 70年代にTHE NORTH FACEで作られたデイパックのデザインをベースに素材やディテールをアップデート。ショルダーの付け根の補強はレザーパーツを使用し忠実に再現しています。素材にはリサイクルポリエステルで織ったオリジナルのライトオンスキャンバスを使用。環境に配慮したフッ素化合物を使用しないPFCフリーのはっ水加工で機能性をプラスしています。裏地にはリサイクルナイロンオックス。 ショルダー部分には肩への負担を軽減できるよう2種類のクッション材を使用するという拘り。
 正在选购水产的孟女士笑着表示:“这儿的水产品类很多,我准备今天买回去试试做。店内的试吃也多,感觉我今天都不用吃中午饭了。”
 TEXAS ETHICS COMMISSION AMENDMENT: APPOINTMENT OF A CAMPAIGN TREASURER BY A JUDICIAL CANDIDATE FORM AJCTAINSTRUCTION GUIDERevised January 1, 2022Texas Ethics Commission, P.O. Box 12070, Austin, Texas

▬▬▬▬▬▬

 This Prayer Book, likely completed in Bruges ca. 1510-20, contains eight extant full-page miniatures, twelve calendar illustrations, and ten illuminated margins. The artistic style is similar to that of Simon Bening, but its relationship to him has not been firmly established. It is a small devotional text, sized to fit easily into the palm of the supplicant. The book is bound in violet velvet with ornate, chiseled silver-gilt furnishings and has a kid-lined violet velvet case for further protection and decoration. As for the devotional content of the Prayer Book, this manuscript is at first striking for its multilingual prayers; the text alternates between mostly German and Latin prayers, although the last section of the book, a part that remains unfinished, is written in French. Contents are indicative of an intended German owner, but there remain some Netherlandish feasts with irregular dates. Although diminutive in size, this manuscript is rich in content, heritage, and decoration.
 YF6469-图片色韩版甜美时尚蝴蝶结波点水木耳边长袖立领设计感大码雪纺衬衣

▬▬▬▬▬▬

• [EXERCISE]: Restate word for word the entries above from the line with "正在选购水产的孟女士笑着表示" through the line with "TEXAS ETHICS COMMISSION AMENDMENT: APPOINTMENT", inclusive, leaving out everything else.

• [WRITTEN RESPONSE]:
 正在选购水产的孟女士笑着表示:“这儿的水产品类很多,我准备今天买回去试试做。店内的试吃也多,感觉我今天都不用吃中午饭了。”
 TEXAS ETHICS COMMISSION AMENDMENT: APPOINTMENT OF A CAMPAIGN TREASURER BY A JUDICIAL CANDIDATE FORM AJCTAINSTRUCTION GUIDERevised January 1, 2022Texas Ethics Commission, P.O. Box 12070, Austin, Texas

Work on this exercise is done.